[[ Input data open ]]

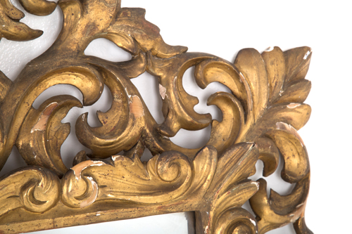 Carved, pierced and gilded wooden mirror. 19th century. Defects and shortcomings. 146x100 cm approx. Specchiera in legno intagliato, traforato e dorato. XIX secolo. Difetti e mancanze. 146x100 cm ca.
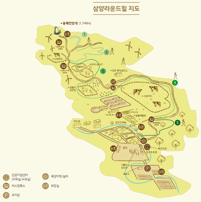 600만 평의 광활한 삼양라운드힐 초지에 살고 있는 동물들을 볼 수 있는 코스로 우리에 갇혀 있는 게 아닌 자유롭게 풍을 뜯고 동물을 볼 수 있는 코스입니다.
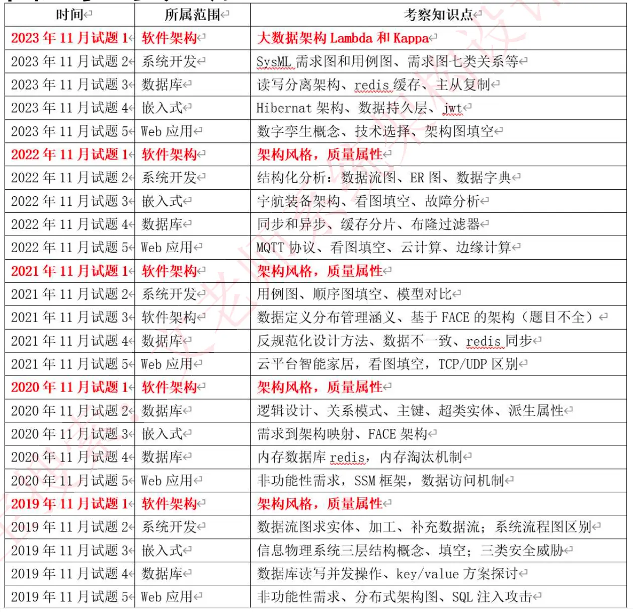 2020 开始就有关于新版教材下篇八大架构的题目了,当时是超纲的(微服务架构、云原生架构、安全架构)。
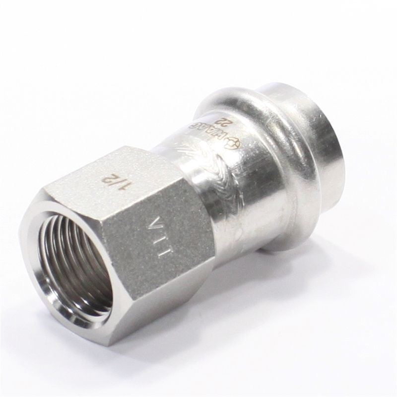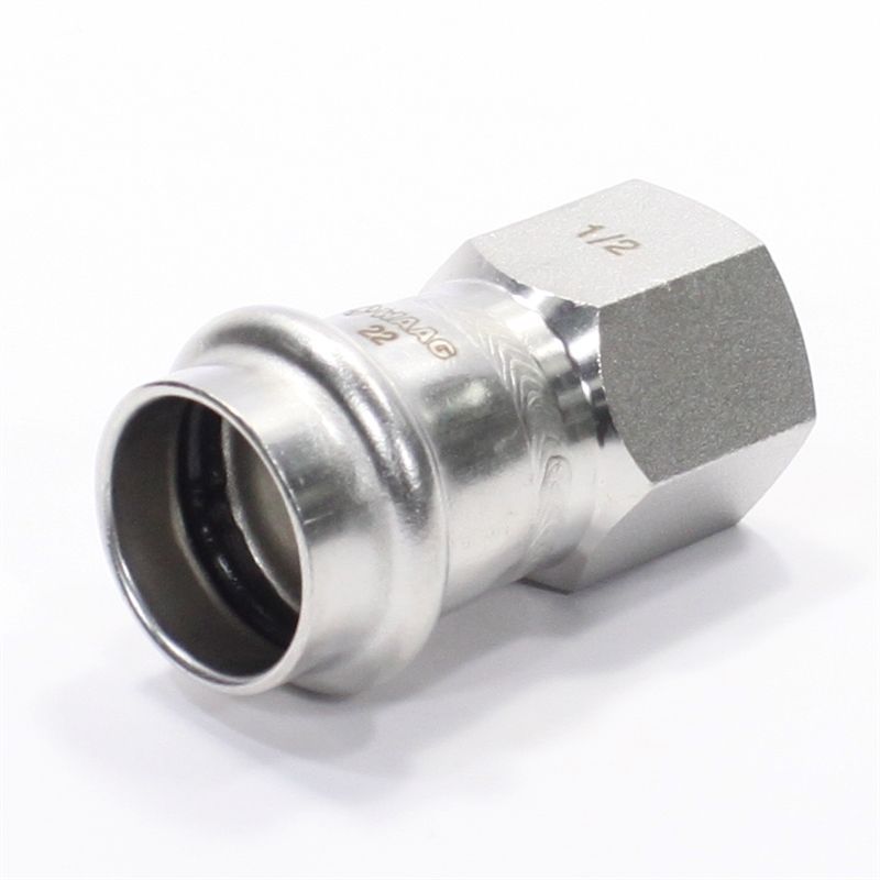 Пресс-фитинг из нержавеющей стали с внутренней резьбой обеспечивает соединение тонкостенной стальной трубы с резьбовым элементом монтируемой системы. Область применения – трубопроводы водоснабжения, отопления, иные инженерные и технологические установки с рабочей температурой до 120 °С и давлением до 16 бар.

[[ Input data closed ]]

Problem details:
Restate word for word the lines from the one with "2020 开始就有关于新版教" to the end of the material, both included. Do not include the pictures.

Answer box:
 2020 开始就有关于新版教材下篇八大架构的题目了,当时是超纲的(微服务架构、云原生架构、安全架构)。
 Пресс-фитинг из нержавеющей стали с внутренней резьбой обеспечивает соединение тонкостенной стальной трубы с резьбовым элементом монтируемой системы. Область применения – трубопроводы водоснабжения, отопления, иные инженерные и технологические установки с рабочей температурой до 120 °С и давлением до 16 бар.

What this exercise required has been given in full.